WORK INSTRUCTION -> Word for word, restate the lines from the one containing "Циліндр легкий, використовує" through the last line of the material, and include no pictures.

### TASK INPUTS

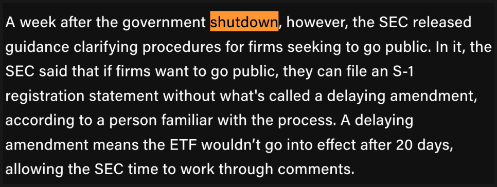 흥미로운 점은, 이러한 ETF들이 미국 정부 셧다운(업무정지) 기간 중에 승인되었다는 사실입니다. SEC(미 증권거래위원회)가 인력 부족으로 정상 운영되지 못했음에도, 새로운 절차가 도입되면서 상장 신청서(S-1)가 자동으로 효력이 발생할 수 있게 되었죠. 덕분에 비트와이즈와 그레이스케일 모두 예정대로 출시를 진행할 수 있었습니다.
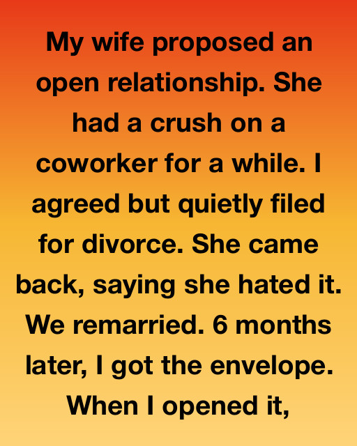 I finally understood why she had been so desperate to come back and remarry. She hadn’t hated the open relationship; she had abandoned the test because she realized I was about to divorce her anyway, proving my commitment wasn’t tied to the comfortable life she provided, but to my integrity. She simply couldn’t bear to let me walk away and then discover I had become independently wealthy while she was left alone with her guilt.
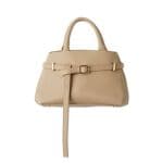 リボンのチュールデザインがポイントのニットに、ブラウンのパンツとバッグをあわせてベージュ×ブラウンでまとめたスタイリング
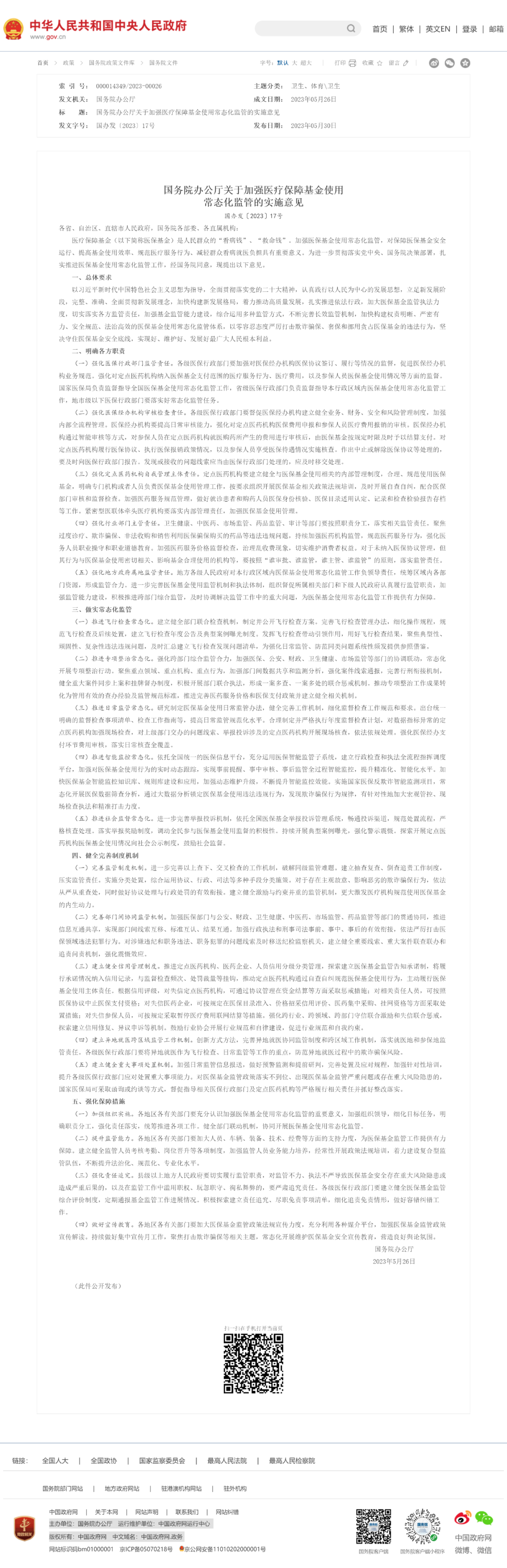 5月30日,国务院办公厅印发《关于加强医疗保障基金使用常态化监管的实施意见》(以下简称《意见》)。
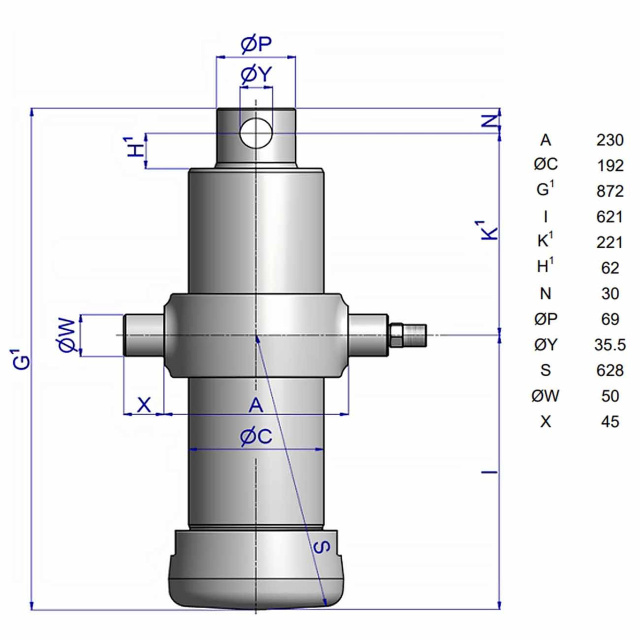 Циліндр легкий, використовує менше олії, що дозволяє швидше підіймати та опускати кузов, і він міцний і не потребує обслуговування. Перекидальна маса розрахована на 220 бар. Елементи кріплення необхідно замовляти окремо.
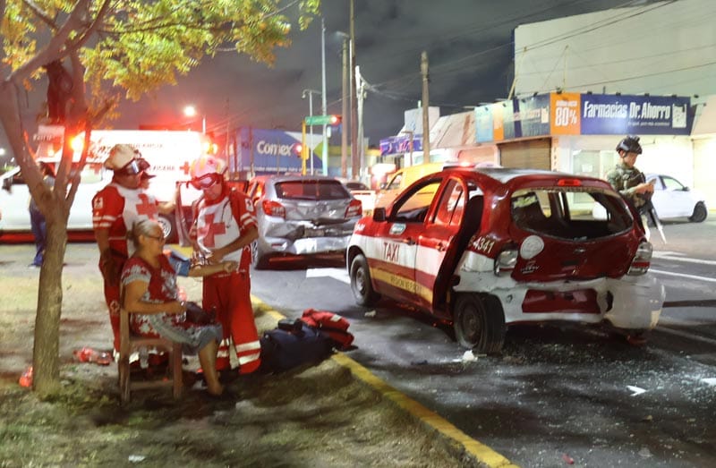 El impacto inicial fue contra un taxi Nissan March económico número 4341, conducido por Luis Reyes Leyva, de 58 años, quien transportaba a una pasajera identificada como Celia, de 56 años, la cual presentó contusiones tras el choque.

######

ANSWER SECTION ->
 Циліндр легкий, використовує менше олії, що дозволяє швидше підіймати та опускати кузов, і він міцний і не потребує обслуговування. Перекидальна маса розрахована на 220 бар. Елементи кріплення необхідно замовляти окремо.
 El impacto inicial fue contra un taxi Nissan March económico número 4341, conducido por Luis Reyes Leyva, de 58 años, quien transportaba a una pasajera identificada como Celia, de 56 años, la cual presentó contusiones tras el choque.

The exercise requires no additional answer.